Fig. 8 is a schematic structural diagram of a retrieval system in the second embodiment of the present invention. The technical solution of this embodiment is based on the above embodiment, and further includes a configuration platform 130 and an authority control module 122.

The authority control module 122 is configured in the cluster node 120, and is configured to determine whether an account corresponding to the received user retrieval request has an operation authority according to an account identifier, operation content, an operation object, and an authority configuration table, where the authority configuration table stores a mapping relationship between an account identifier, operation content, and an operation object. If the operation authority is provided, transmitting the retrieval request to a retrieval application program interface of the cluster node, and searching a matched result in a data table of the cluster node; and if the operation authority is not available, shielding the retrieval request. The advantage of this arrangement is that the data in the cluster node 120 is controlled by the authority, and the requirements of isolation and sharing of data when multiple users work cooperatively are met.

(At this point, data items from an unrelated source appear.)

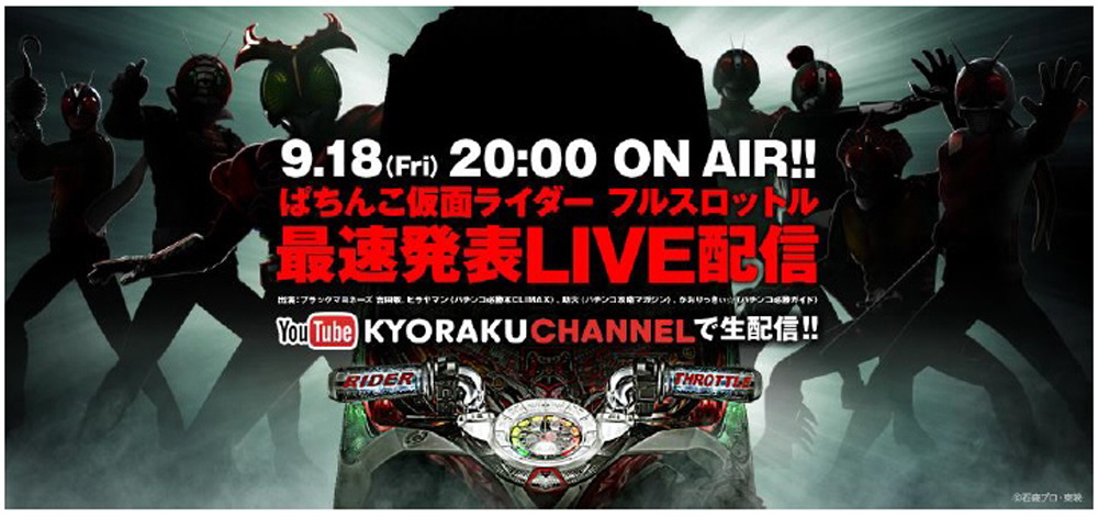 京楽「仮面ライダー」YouTubeで生配信/9月18日
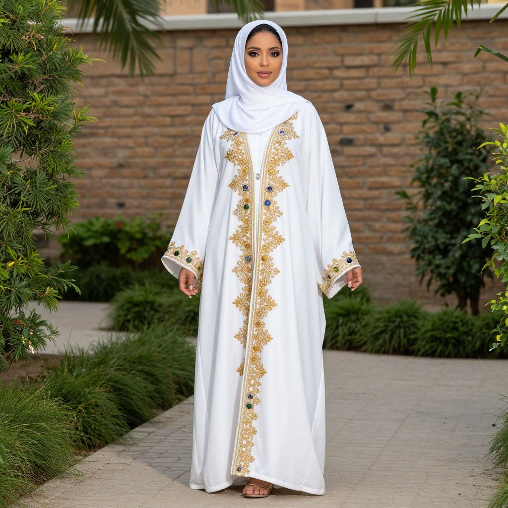 Woman wearing an elegant white African Boutique Exclusive Muslim Abaya Jalabiya with intricate gold embroidery and stone embellishments, gracefully posing outdoors on a paved pathway surrounded by lush greenery and a brick wall backdrop.
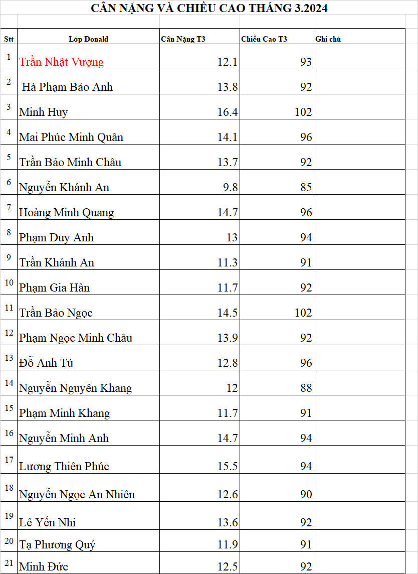 BẢNG THÔNG BÁO CHIỀU CAO CÂN NẶNG THÁNG 3/2024.
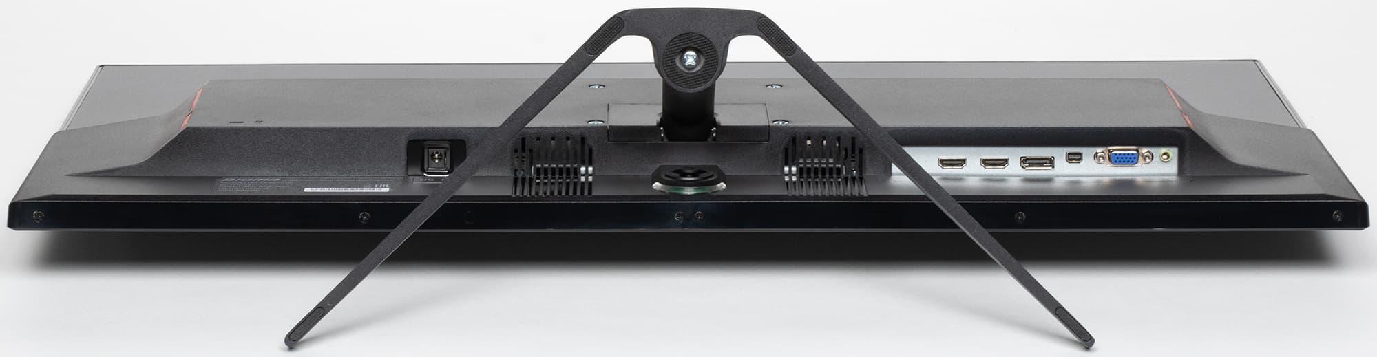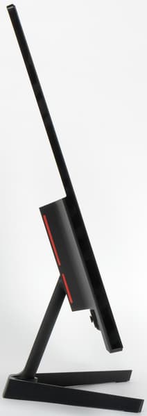 V-образное основание подставки с тонкими лучами ножек занимает мало рабочей площади стола. Также на лучи сверху можно поместить край клавиатуры. В верхней части монитор очень тонкий (порядка 10 мм), смотрится это стильно. Штатная подставка позволяет немного наклонить блок экрана вперед и отклонить назад на больший угол.

Preferably, the account identifier may include an application name and an account password, the operation object includes database index information and data table information, and the operation content includes an operation right, such as a read-write right. The permission configuration table includes mapping relationships of application names, account passwords, database Index information (i.e., index information), data table information (i.e., type information), and operation permissions. For example, a type defining a dedicated index is used to store ACL mapping rules. The ACL mapping rule includes, among other things, application names (apps), keys (keys), indexes (indices), data tables (types), and permissions (permissions) defined. When the user input operation request is detected, whether the ACL mapping rule can be passed or not is judged. And if the operation request meets the ACL mapping rule, executing the operation request, otherwise, prompting the user that no operation authority exists. The authority configuration table may be stored in the authority control module, or may be stored in other locations of the cluster node.

In this way, for the index or data table created by the user himself, the user's account can be given the read-write authority for the created index or data table. The index or the data table created by the non-user does not have the operation authority for the index or the data table. If the user wants to access the index or the data table without the operation authority, the user needs to apply for the administrator, and the administrator allocates the reading authority to the account of the user. The advantage of this setting is that the index level and type level of the control of the authority division can be realized, and the user's read-write authority for each index and type can be controlled.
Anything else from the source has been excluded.